Before proceeding any further we should note here that one of the advantages of decision trees and random forests is that they are not sensitive to the magnitude of the input variables, so standardisation is not needed before fitting these models. However, there are other ML algorithms such as k-means, where standardisation is a crucial step to ensure the success of learning process and it should always take place before training the algorithm. Similarly, random forests are not sensitive to correlations between independent variables, so there is no need to check for correlations before training the models.

10.4 Decision trees

10.4.1 Fitting the training data

Decision trees are an ML algorithm capable of performing both classification and regression tasks, although in this workbook we will focus only on regression. One of their most notable advantages is that they are highly interpretable, although their predictions are not always accurate. However, by aggregating decision trees through a method called bagging, the algorithm can become much more powerful.

In essence, a decision tree is like a flowchart that helps us make a decision based on a number of questions or conditions, which are represented by internal nodes. It starts with a root node and branches out into different paths, with each branch representing a decision. The final nodes represent the outcome and are known as leaf nodes. For example, imagine you are trying to decide what to wear to an event. You could create a decision tree with the root node being “Formal event?”, like in the diagram below. If the answer is “yes” you would proceed to the left and if the answer if “no”, you would proceed to the right. On the right, you would have another node for “Black tie?”, and again two “yes” and “no” branches emerging from it. On the left, you would have a node for “Everyday wear?” with its two branches. Each branch would eventually lead to a decision or action represented by the so-called leaf nodes, such as “wear suit”.
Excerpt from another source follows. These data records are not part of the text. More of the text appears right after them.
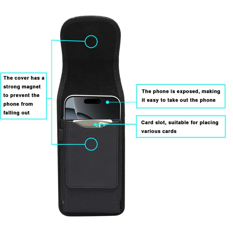 Estuche para Teléfono Tela Oxford 6,2-6,5" con Hebilla Magnética y Ranura para Tarjetas (Negro)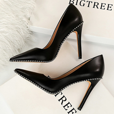 断码处理女鞋2025秋季新款优雅细跟纯色简约尖头浅口高跟鞋女单鞋
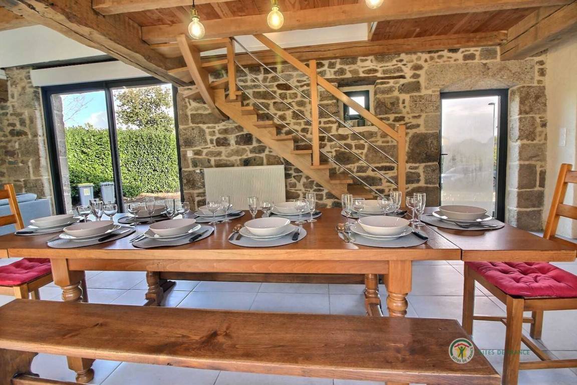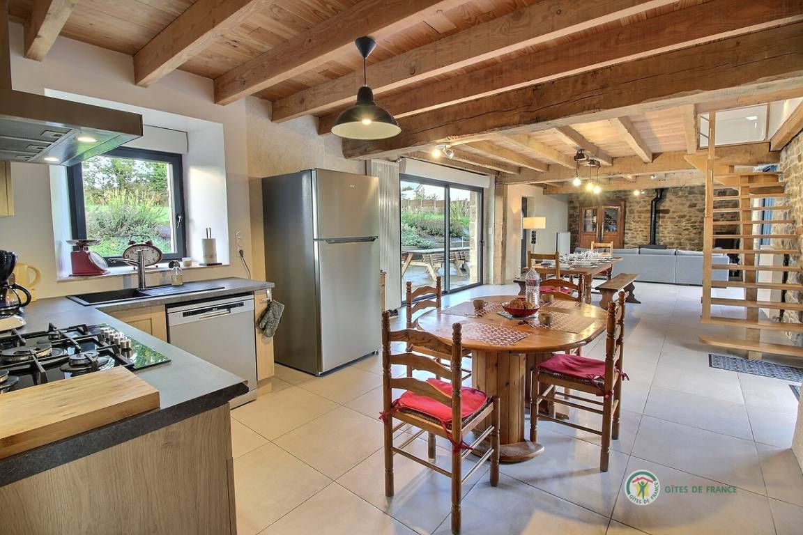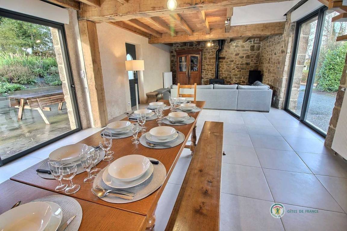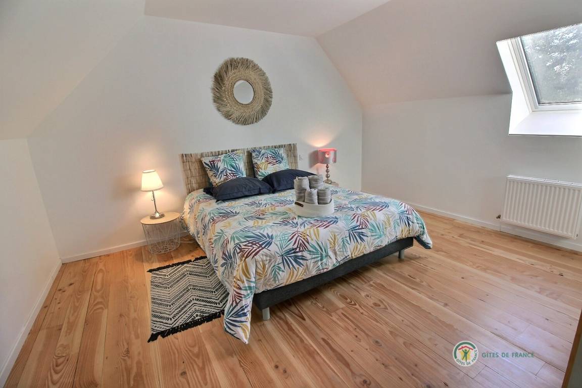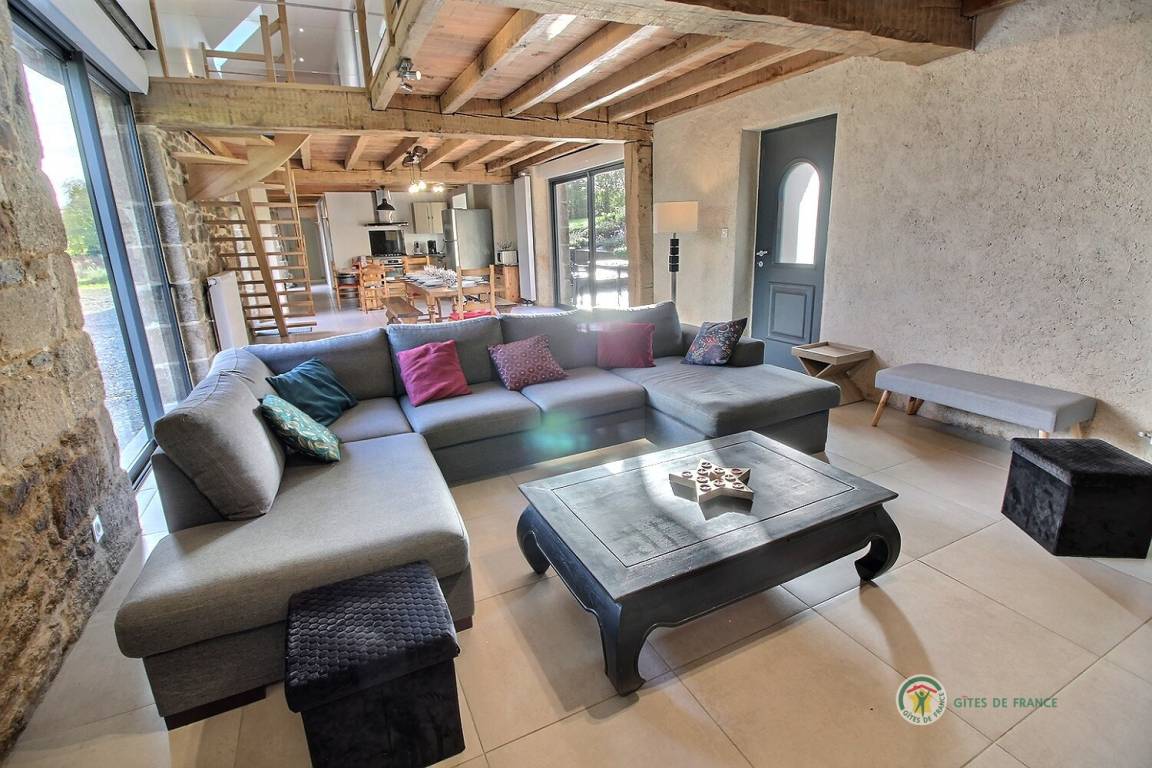 Ihre Ferienwohnung umfasst im Erdgeschoss: ein großes Wohnzimmer von mehr als 67 m² mit Küche, Wohnzimmer, Wohnzimmer mit Holzofen, 1 Schlafzimmer mit 1 Bett 160x200, in einer kleinen Nische eine steile Treppe mit Zugang zu 1 Schlafzimmer mit 1 Bett 140x190, separate Toilette mit Waschbecken, Badezimmer mit Dusche. Obergeschoss: ein großes Zwischengeschoss, 3 Schlafzimmer mit 2 Betten 160x200, 1 Bett 140x190 und 2 Betten 90x190, Badezimmer mit Dusche, separates WC. Die Heizung dieser Gîte wird von einem automatischen Holzkessel geliefert. Hof von 600 m², eine Rasenfläche von 2000 m² und eine Terrasse auf der Südseite von 90 m². Dieses Cottage ist im Erdgeschoss für eine Person mit eingeschränkter Mobilität zugänglich.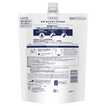 ●他の製品とは混ぜず、必ず、「ダヴ ボディウォッシュ センシティブマイルド」の使用済みボトルにつめかえてください。

The decision tree to predict the median rent price in an MSOA based on its sociodemographic features will be a lot more complex than the one depicted above. The branches will lead to leaf nodes representing the predicted values of median rent price. The internal nodes will represent conditions for the demographic variables (e.g. is the percentage of people aged 65 or over in this MSOA greater than X %?). Not all the demographic variables will be equally relevant to predict the median rent at the MSOA level. To optimise the prediction process, conditions on the most relevant variables should be near the root of the tree so the most determining questions can be asked at the beginning of the decision-making process. The internal nodes that are further from the tree will help fine-tune the final predictions. But, how can we choose which are the most relevant variables? And, what are the right questions to ask in each internal node (e.g. if we are asking ‘is the percentage of people aged 65 or over in this MSOA greater than X %?’, what should be the value of X ?).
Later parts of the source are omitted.